[WHAT IS REQUIRED] Produce a verbatim transcription of the entries, with all pictures omitted.
════════════════════
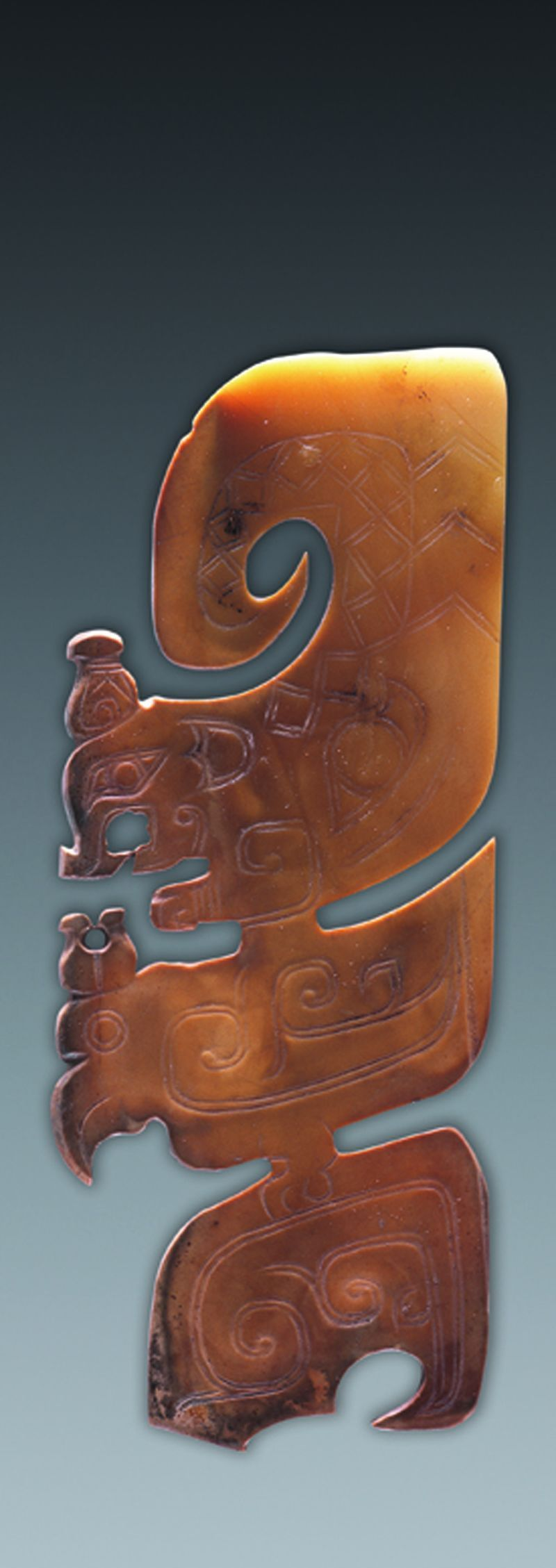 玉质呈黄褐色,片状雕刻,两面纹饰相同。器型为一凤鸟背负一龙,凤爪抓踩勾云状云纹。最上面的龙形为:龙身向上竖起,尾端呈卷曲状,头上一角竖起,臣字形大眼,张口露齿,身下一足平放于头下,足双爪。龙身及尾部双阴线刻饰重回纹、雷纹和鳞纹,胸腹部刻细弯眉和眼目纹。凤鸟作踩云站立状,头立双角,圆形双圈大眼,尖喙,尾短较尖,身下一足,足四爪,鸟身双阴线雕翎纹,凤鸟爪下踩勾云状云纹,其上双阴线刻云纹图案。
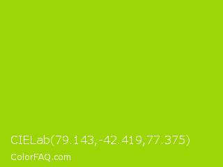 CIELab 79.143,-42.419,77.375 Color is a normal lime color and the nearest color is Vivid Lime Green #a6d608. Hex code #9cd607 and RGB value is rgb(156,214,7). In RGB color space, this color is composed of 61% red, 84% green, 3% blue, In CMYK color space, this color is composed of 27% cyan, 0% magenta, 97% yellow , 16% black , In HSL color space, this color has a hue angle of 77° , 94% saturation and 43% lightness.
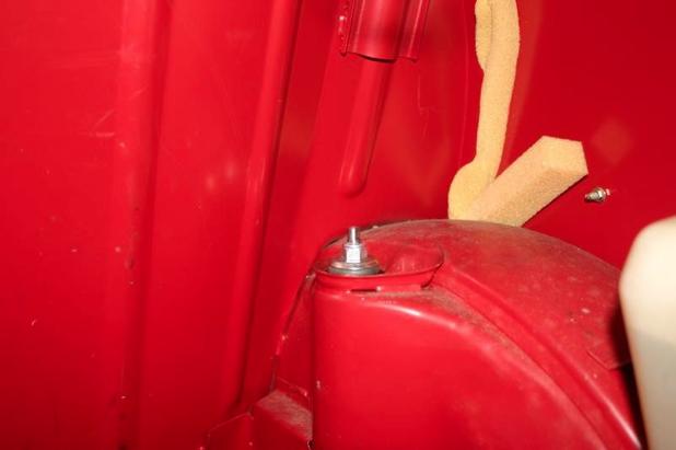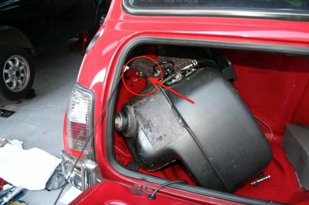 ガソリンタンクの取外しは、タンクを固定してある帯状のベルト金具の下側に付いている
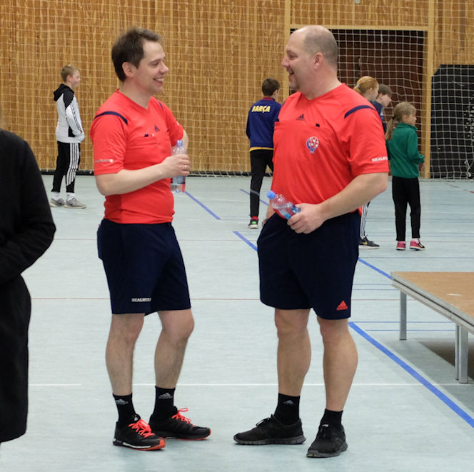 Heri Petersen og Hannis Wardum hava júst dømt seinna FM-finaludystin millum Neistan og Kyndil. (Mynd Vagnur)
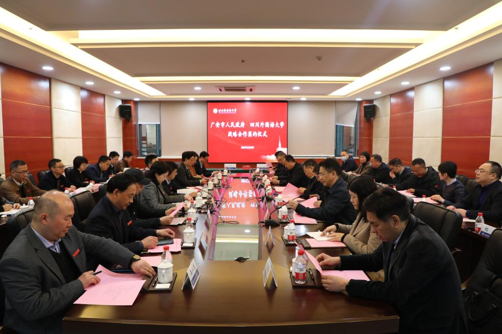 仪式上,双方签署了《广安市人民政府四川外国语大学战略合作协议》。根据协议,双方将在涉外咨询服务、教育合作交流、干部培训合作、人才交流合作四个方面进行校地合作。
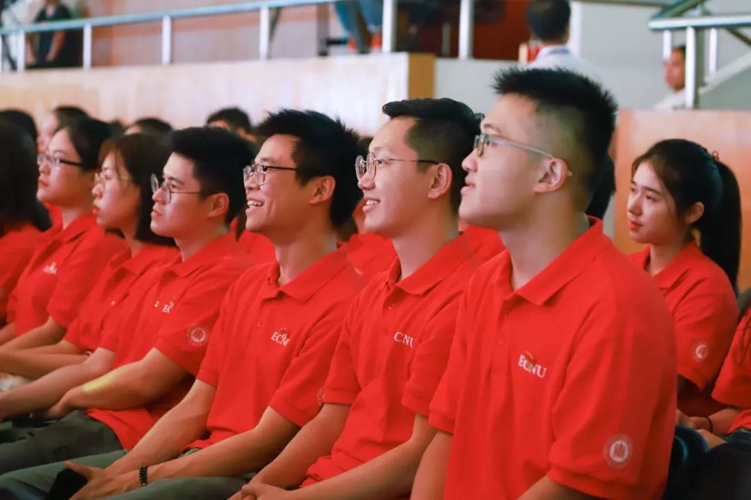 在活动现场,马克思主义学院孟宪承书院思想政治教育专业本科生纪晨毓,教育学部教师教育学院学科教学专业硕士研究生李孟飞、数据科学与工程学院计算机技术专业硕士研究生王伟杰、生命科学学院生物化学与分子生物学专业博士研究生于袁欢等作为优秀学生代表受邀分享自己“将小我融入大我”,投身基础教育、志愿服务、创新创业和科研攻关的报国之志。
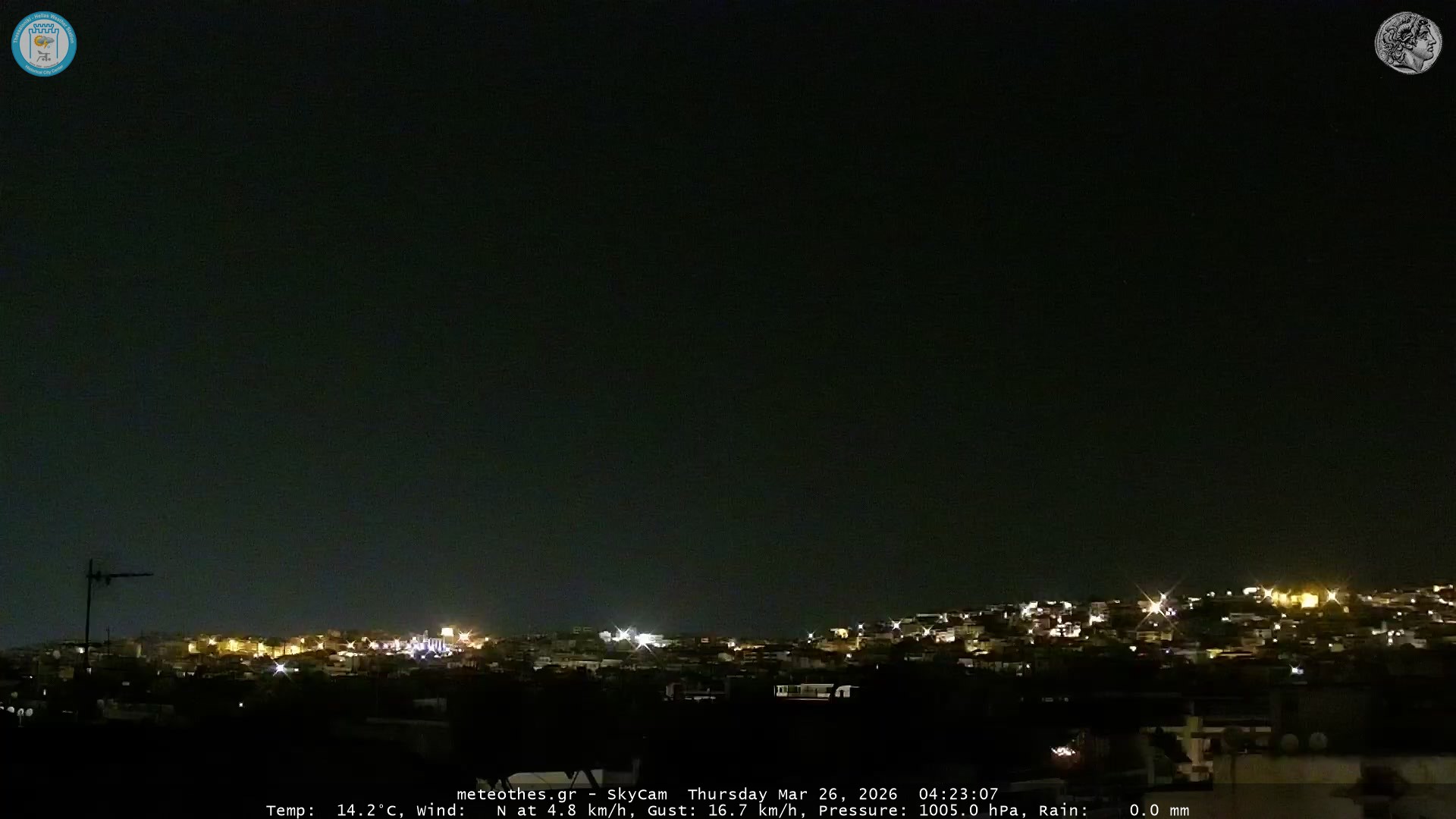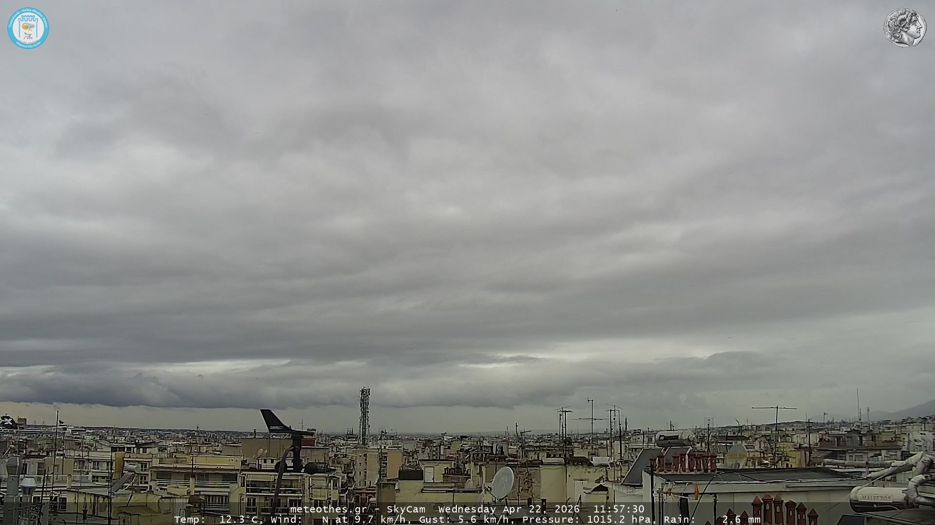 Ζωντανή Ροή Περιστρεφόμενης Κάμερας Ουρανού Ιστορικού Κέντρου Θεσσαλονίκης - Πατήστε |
════════════════════
[YOUR RESPONSE]
 玉质呈黄褐色,片状雕刻,两面纹饰相同。器型为一凤鸟背负一龙,凤爪抓踩勾云状云纹。最上面的龙形为:龙身向上竖起,尾端呈卷曲状,头上一角竖起,臣字形大眼,张口露齿,身下一足平放于头下,足双爪。龙身及尾部双阴线刻饰重回纹、雷纹和鳞纹,胸腹部刻细弯眉和眼目纹。凤鸟作踩云站立状,头立双角,圆形双圈大眼,尖喙,尾短较尖,身下一足,足四爪,鸟身双阴线雕翎纹,凤鸟爪下踩勾云状云纹,其上双阴线刻云纹图案。
 CIELab 79.143,-42.419,77.375 Color is a normal lime color and the nearest color is Vivid Lime Green #a6d608. Hex code #9cd607 and RGB value is rgb(156,214,7). In RGB color space, this color is composed of 61% red, 84% green, 3% blue, In CMYK color space, this color is composed of 27% cyan, 0% magenta, 97% yellow , 16% black , In HSL color space, this color has a hue angle of 77° , 94% saturation and 43% lightness.
 ガソリンタンクの取外しは、タンクを固定してある帯状のベルト金具の下側に付いている
 Heri Petersen og Hannis Wardum hava júst dømt seinna FM-finaludystin millum Neistan og Kyndil. (Mynd Vagnur)
 仪式上,双方签署了《广安市人民政府四川外国语大学战略合作协议》。根据协议,双方将在涉外咨询服务、教育合作交流、干部培训合作、人才交流合作四个方面进行校地合作。
 在活动现场,马克思主义学院孟宪承书院思想政治教育专业本科生纪晨毓,教育学部教师教育学院学科教学专业硕士研究生李孟飞、数据科学与工程学院计算机技术专业硕士研究生王伟杰、生命科学学院生物化学与分子生物学专业博士研究生于袁欢等作为优秀学生代表受邀分享自己“将小我融入大我”,投身基础教育、志愿服务、创新创业和科研攻关的报国之志。
 Ζωντανή Ροή Περιστρεφόμενης Κάμερας Ουρανού Ιστορικού Κέντρου Θεσσαλονίκης - Πατήστε |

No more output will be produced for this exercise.